Williams just needed an opportunity to get on the field and before he got that opportunity, he was playing defensive tackle at 185 pounds in his sophomore year. His position change to defensive end was the beginning of his success that he is seeing now.
“My sophomore season, there was a guy ahead of me [at defensive tackle] and he was bigger than me, he was stronger so I didn’t play that much in the early season. The coaches felt like I was too good not to be on the field and at defensive end, it was different,” he said.
He struggled making the transition and figuring out how to play his new position. Everything came together for him toward the end of his sophomore season and camp season where he got a chance to see how he stacked up against some of the best high school talent in the country that summer.
“I was going against these big name guys that I had no idea about. I was working out with some these guys and I felt like I was just as good if not better than some [of them],” he said. “After that, I got the mindset that I’m the best out there, nobody can compete with me, and I’m going to do whatever it takes to beat the guy ahead of me.”
He said that going to the “The Opening,” Finals, a first for him, in Beaverton, Oregon on July 5, will be another huge opportunity to show the world what he can do. It has been a childhood dream of his and he has had friends like Josh Sweat,Levonta Taylor and Jaquan Yulee play in it as well.

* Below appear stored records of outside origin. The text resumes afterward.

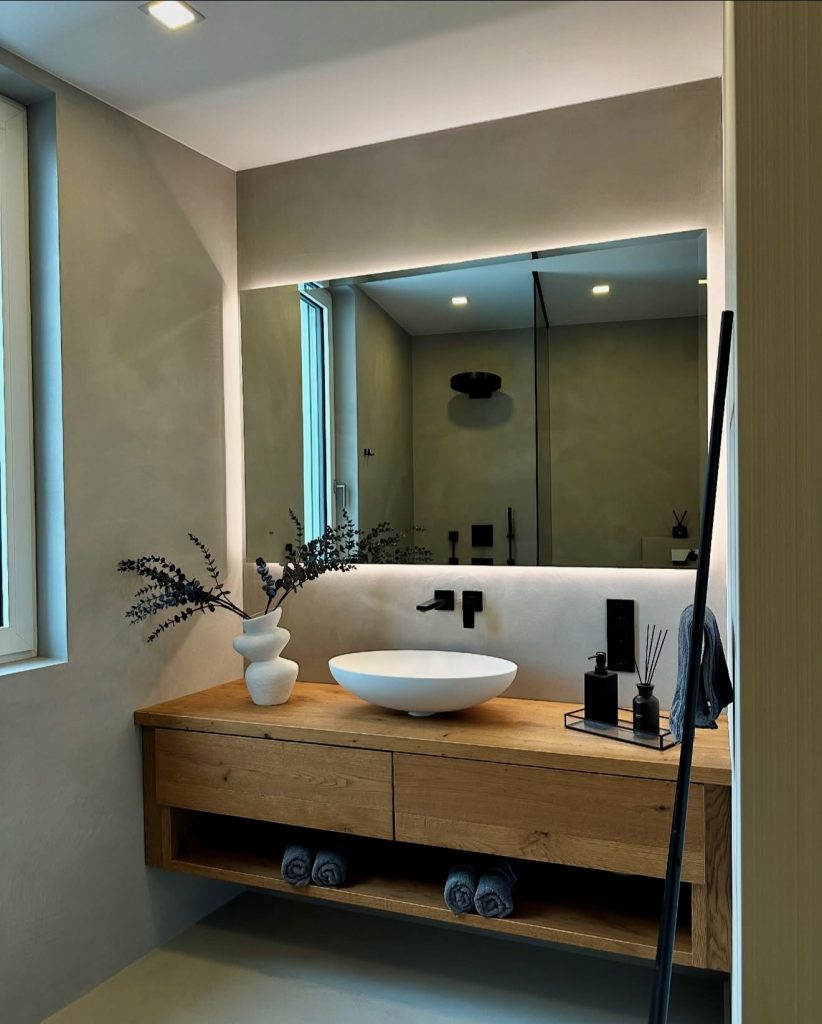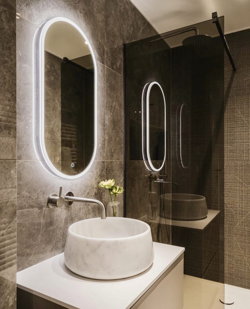 This bathroom features a moody, high-end look with dark stone tile and a backlit mirror that feels high-tech. Compact yet high-end, a round marble sink offers a luxury note with a combination of natural texture with modern, sleek lines. It’s a bright idea for a miniscule guest bath that still wants a spa feeling. Black lighting keeps it sophisticated and modern, but fresh flowers add a personal, fluffy note that softens it a bit. It’s a classic look that feels both private and high-end in 2026.
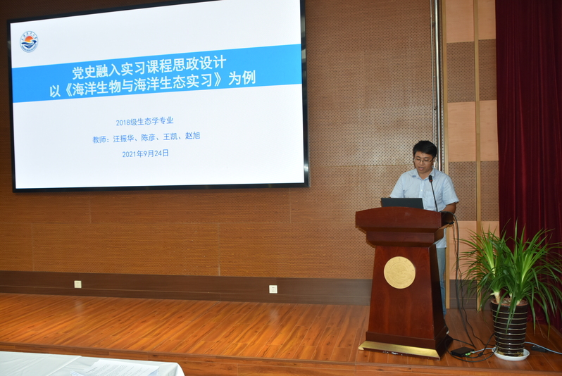 建党精神还生动地体现在三全育人过程中,生态教工党支部委员汪振华副教授在交流会上做了题为“党史融入实习课程思政设计”的经验分享。教学团队把“以建党百年为背景,探索生态文明建设实践成果,开展社会调研和红色教育”写进了《海洋生物与海洋生态学实习》课程目标中。在7月份的野外实习中,教学团队带领员工调查了解实习地嵊山的渔业历史和现状,见证新中国成立以来在党的领导下当地渔民发展海洋渔业、开发利用海洋的成就,体会近年来嵊山加快乡村振兴步伐,打造“生态+”发展模式。他们还利用红色资源开展思政教育,带领员工瞻仰蒋继周烈士纪念塔,学习烈士勇救海难落水渔民、英勇牺牲的英雄壮举。
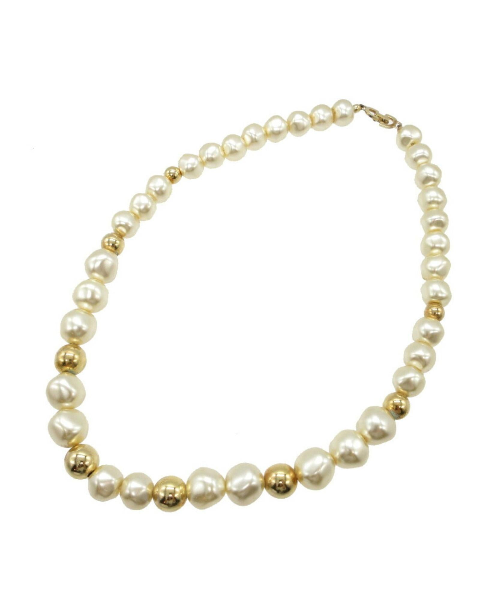 The Christian Dior brand necklace designed for women features a metallic finish in shades of gold and white.
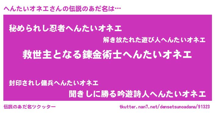 | ヒーロー風カッコイイあだ名 | 『慈愛の使者へんたいオネエ』 |
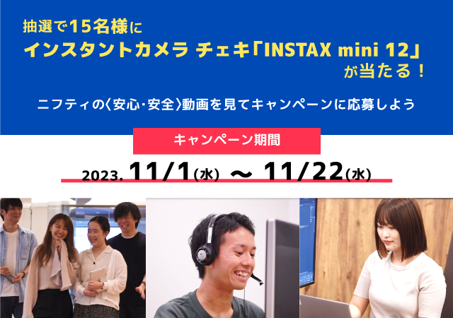 1.キャンペーン期間中、ニフティ株式会社のX(旧Twitter)またはInstagramの公式アカウントにて11/1(水)・11/10(金)に投稿する「安心・安全動画」を視聴

“Being able to see a lot of those guys compete in it, it is something I wanted to accomplish this year. Being able to go down to the regionals in New Jersey, compete and make the final five [for defensive linemen] and then get the invite for Oregon and I did, it was definitely more exciting than any offer I could’ve gotten except for the first one,” he said.
You can watch the “The Opening,” Finals on ESPN Tuesday, July 5, at 8 AM. Set your DVR’s.